(REQUIREMENT): In the data below, the answer is the run of lines from the line containing "So this is how" through the line containing "水车、摇椅、雨链、园艺和墙面", both included; print it exactly and nothing else.

(DATA RECORDS):
========================================

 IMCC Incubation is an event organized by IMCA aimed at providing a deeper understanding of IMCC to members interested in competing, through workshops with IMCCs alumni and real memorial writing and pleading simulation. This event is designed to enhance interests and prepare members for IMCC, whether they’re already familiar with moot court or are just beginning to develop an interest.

========================================

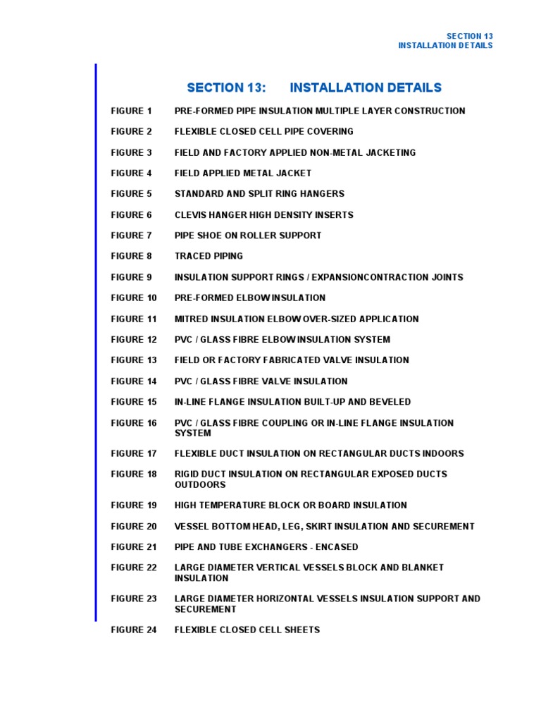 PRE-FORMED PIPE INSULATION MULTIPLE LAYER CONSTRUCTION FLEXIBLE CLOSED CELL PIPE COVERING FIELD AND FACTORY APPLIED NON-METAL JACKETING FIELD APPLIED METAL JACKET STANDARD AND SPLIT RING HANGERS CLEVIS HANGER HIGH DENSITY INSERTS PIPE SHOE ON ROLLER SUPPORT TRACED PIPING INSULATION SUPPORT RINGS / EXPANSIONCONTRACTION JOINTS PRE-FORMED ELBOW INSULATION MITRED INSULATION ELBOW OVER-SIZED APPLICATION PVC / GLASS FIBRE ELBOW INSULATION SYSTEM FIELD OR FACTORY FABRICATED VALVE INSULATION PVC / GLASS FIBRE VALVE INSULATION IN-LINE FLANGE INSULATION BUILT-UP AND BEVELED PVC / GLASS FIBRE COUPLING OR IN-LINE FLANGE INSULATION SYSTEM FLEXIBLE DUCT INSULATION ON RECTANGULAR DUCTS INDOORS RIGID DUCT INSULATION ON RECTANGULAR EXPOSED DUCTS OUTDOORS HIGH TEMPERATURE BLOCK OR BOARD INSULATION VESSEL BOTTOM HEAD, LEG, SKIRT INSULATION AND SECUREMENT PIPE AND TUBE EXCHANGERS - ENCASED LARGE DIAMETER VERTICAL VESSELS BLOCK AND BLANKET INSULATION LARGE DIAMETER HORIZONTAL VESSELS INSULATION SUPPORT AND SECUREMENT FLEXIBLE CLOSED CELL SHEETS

========================================

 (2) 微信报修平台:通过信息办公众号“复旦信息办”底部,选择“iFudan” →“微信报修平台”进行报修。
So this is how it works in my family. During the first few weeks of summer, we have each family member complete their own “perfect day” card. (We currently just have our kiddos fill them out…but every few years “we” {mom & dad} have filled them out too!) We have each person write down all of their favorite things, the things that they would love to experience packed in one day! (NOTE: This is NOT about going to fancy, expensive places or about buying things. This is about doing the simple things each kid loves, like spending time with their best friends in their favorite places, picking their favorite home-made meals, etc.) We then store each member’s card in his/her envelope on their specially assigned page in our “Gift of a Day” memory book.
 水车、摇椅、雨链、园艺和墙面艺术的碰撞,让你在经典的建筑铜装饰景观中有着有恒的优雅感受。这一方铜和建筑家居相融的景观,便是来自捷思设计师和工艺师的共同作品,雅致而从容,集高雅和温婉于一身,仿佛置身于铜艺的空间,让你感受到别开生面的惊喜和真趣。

========================================

(YOUR RESPONSE):
So this is how it works in my family. During the first few weeks of summer, we have each family member complete their own “perfect day” card. (We currently just have our kiddos fill them out…but every few years “we” {mom & dad} have filled them out too!) We have each person write down all of their favorite things, the things that they would love to experience packed in one day! (NOTE: This is NOT about going to fancy, expensive places or about buying things. This is about doing the simple things each kid loves, like spending time with their best friends in their favorite places, picking their favorite home-made meals, etc.) We then store each member’s card in his/her envelope on their specially assigned page in our “Gift of a Day” memory book.
 水车、摇椅、雨链、园艺和墙面艺术的碰撞,让你在经典的建筑铜装饰景观中有着有恒的优雅感受。这一方铜和建筑家居相融的景观,便是来自捷思设计师和工艺师的共同作品,雅致而从容,集高雅和温婉于一身,仿佛置身于铜艺的空间,让你感受到别开生面的惊喜和真趣。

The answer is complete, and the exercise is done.